Il neoplatonismo è l'ultima grande corrente della filosofia antica: nasce nel III secolo d.C. ad Alessandria d'Egitto e rielabora Platone in chiave mistica e religiosa.
Quando l'Impero romano attraversa la crisi del III secolo, la filosofia smette di occuparsi soltanto di politica e natura e cerca risposte sulla salvezza dell'anima. In questo clima il pensatore egizio Plotino (205-270 d.C.) fonda una scuola a Roma e raccoglie i suoi scritti nelle Enneadi, curate dal discepolo Porfirio. Plotino non vuole inventare un sistema nuovo, ma dichiara di voler interpretare fedelmente Platone, integrandolo con elementi aristotelici e stoici. Il risultato è una sintesi originale che dominerà il pensiero tardoantico e influenzerà profondamente Agostino, il Medioevo cristiano e il Rinascimento. La parola d'ordine di questa scuola è il ritorno all'Uno, principio primo da cui tutto procede e a cui tutto tende.
L'Uno e la processione della realtà
Al vertice della realtà Plotino pone l'Uno, principio assolutamente semplice, infinito e indicibile, che sta al di là dell'essere e del pensiero stesso.

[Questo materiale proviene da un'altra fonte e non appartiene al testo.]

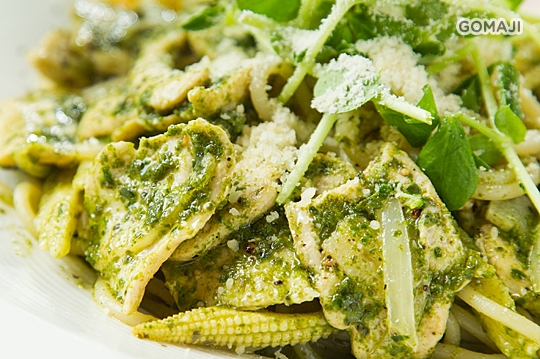 主廚特調的青醬,香氣濃郁,帶有蘿勒的特殊香氣,搭配軟嫩多汁的雞肉,煮得恰到好處的義大利麵條,每一口都教人心醉!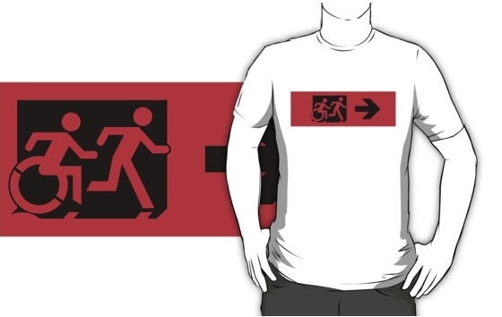 Accessible Exit Sign Project Wheelchair Wheelie Running Man Symbol Means of Egress Icon Disability Emergency Evacuation Fire Safety Adult T-shirt 23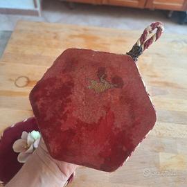 Il corpo principale è in velluto di colore bordeaux, con un bordo rifinito da una corda intrecciata nei toni del beige e del bordeaux.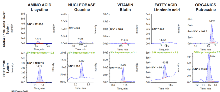 Herein, a highly sensitive and comprehensive CCMA method on the SCIEX Triple Quad 7500 System coupled to the ExionLC™ system demonstrates S/N improvements compared to the SCIEX Triple Quad™ 6500+ LC-MS/MS System for analytical targets across various classes including amino acids, carbohydrates, vitamins, fatty acids, nucleic acids, and other essential compounds.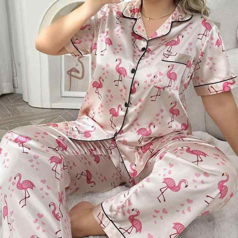 パジャマ レディース 大きいサイズ 半袖 長ズボン 上下セット ルームウェア 寝巻き 部屋着 婦人 女性 ポリエステル サテン Vネック 花柄 ゆったり 快適 リラックス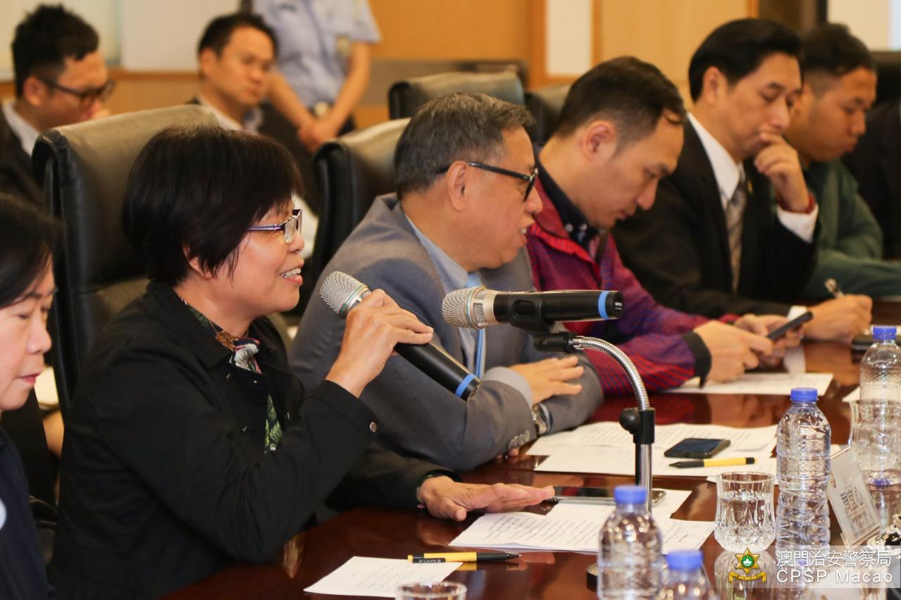 会上,各警务单位代表向与会者简述工作情况。澳门警务厅汇报首三季度的罪案数字和近期治安形势,介绍旅游警察工作的情况及新设置的移动警务室,亦计划于更多地点设置移动警务室;交通厅方面,将继续打击各类型交通违规,如的士违规、超速驾驶、酒驾和药驾等,并因应大赛车赛事举行期间,实施相应交通疏导措施;出入境事务厅则重点介绍港珠澳大桥珠澳旅检大厅实施的“合作查验、一次放行”创新通关模式,指该模式有助缩减旅客轮候时间,提升通关效率;最后,公共关系处总结“社区警务联络机制”的执行情况,并期望不断扩展机制,持续广泛地与社区联系。接着,双方就多个治安议题作深入交流,当中有代表关注外雇人士衍生的治安问题,如非法旅馆和噪音问题等。同时有意见赞扬移动警务室能够更方便市民和旅客报案,认同应在更多地点设置。亦有意见建议当局做好港珠澳大桥口岸边境站的安检措施,保障市民和旅客的安全。最后,双方认同“社区警务联络机制”充分发挥警民合作的作用,期望日后继续多方面配合局方开展的工作,共同携手为本澳治安与社会稳定作出贡献。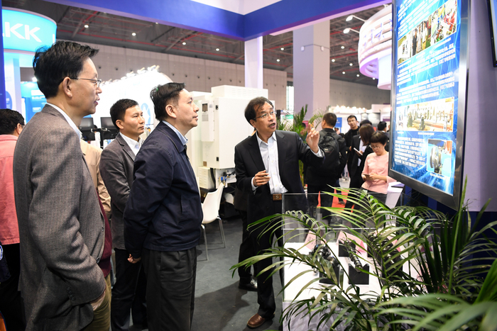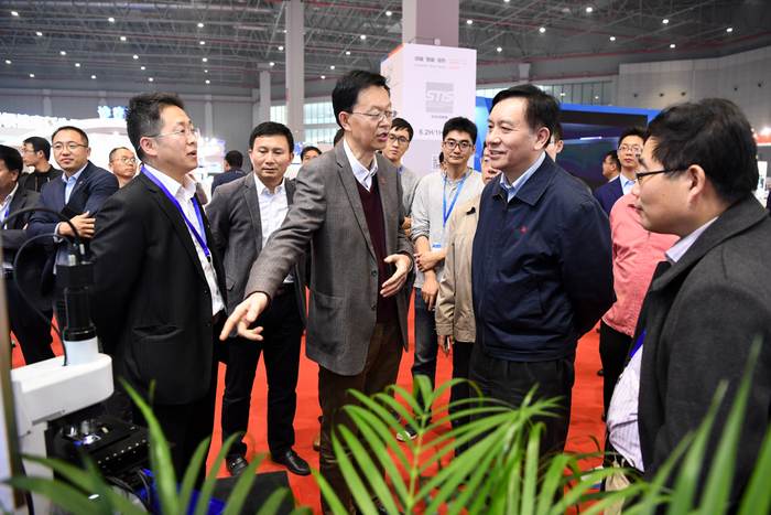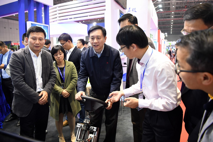 开幕式当天下午,上海交大党委书记姜斯宪参观了交大展厅,听取每一个参展项目负责人对各自项目的研发过程、应用情况、经济与社会效益的详细介绍。姜斯宪对学校参展的应用型技术成果和参展工作给予充分肯定,鼓励项目组人员为国家战略和产业创新与转型贡献交大人的智慧与力量,弘扬交大人兢兢业业的科研团队协作精神和服务国家战略精神。科研院常务副院长关新平、科技合作办主任李喆陪同。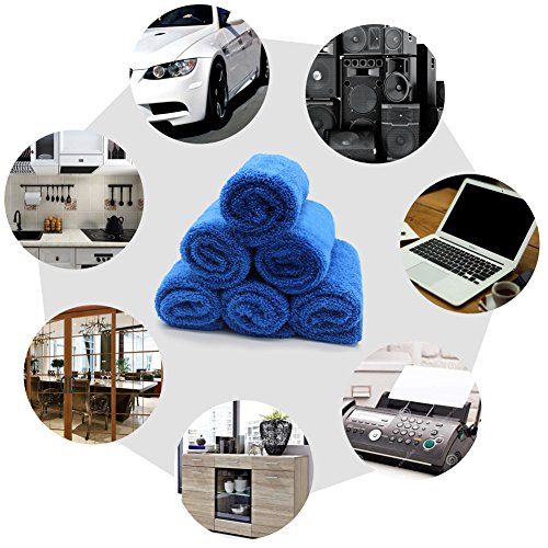 Microfiber Cleaning Cloth set of 6 Bulk - Duster Rag Sponge for Car Wash Auto Care Thick Large for Glasses Kitchen Dish (Dark Blue)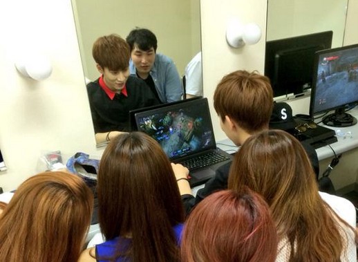 사진 속 서은광은 신난 표정으로 게임에 몰두한 모습이며, 주위에 여자 스태프들과 매니저가 그의 게임하는 모습을 지켜보고 있어 눈길을 모았다.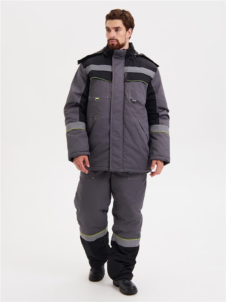 Костюм мужской зимний СИСТЕМА (куртка+полукомбинезон) т.серый/черный/лимон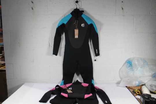Two junior's Gul 2023 G Force 3mm flatlock steamer wetsuits Black/Zafer Black/Pink (Size 2 x XL).

L'Uno non è una cosa fra le cose, ma la sorgente da cui ogni cosa deriva: non possiamo nemmeno dirne che cosa sia, ma soltanto ciò che non è, secondo la cosiddetta teologia negativa. Da questa fonte inesauribile la realtà discende per emanazione, come la luce si irradia dal sole senza che il sole si impoverisca. Il primo livello che procede dall'Uno è l'Intelletto (Nous), sede delle idee platoniche, che pensa se stesso e contempla l'Uno. Dall'Intelletto procede poi l'Anima del mondo, principio della vita, che si fa ponte tra il piano intelligibile e quello sensibile, generando infine la materia, gradino più basso e meno reale. Pensiamo al fenomeno di una candela accesa in una stanza buia: la fiamma resta intatta, ma la luce si diffonde indebolendosi man mano che si allontana, proprio come l'essere si affievolisce nei gradi inferiori della processione.
Il ritorno dell'anima e l'estasi
La discesa non è però l'ultima parola: ogni grado della realtà conserva un desiderio profondo di tornare verso il principio, e questo movimento di ritorno (epistrophé) è il cuore dell'etica plotiniana. L'anima umana, in particolare, è caduta nel corpo ma custodisce dentro di sé una scintilla dell'Intelletto, che le permette di risalire la scala dell'essere. Il percorso del ritorno passa per tre tappe ascendenti: la purificazione dalle passioni, la conoscenza filosofica che eleva al mondo intelligibile e infine l'unione estatica con l'Uno. Quest'ultima esperienza è ineffabile, perché in essa il soggetto si fonde con il principio e ogni distinzione svanisce: Porfirio racconta che il maestro la raggiunse quattro volte in vita sua. Dopo Plotino, la scuola si sviluppa con Porfirio, Giamblico e Proclo, che arricchiscono il sistema con elementi rituali e teologici detti teurgici. Il neoplatonismo trasmetterà al pensiero cristiano la grammatica per parlare di Dio come principio trascendente, e nutrirà autori come Agostino, lo Pseudo-Dionigi e i filosofi del Rinascimento fiorentino.
Ricorda
- Plotino reinterpreta Platone in senso religioso: l'Uno è il principio primo, ineffabile, da cui tutto procede per emanazione attraverso Intelletto, Anima e materia.
- La vita filosofica è un cammino di ritorno all'Uno che culmina nell'estasi, esperienza mistica di unione con il principio.
- Esercizio attivo sul quaderno: disegna uno schema verticale dei quattro livelli della realtà secondo Plotino (Uno, Intelletto, Anima, materia) e accanto a ogni livello scrivi una frase che spieghi che cosa lo distingue dal precedente.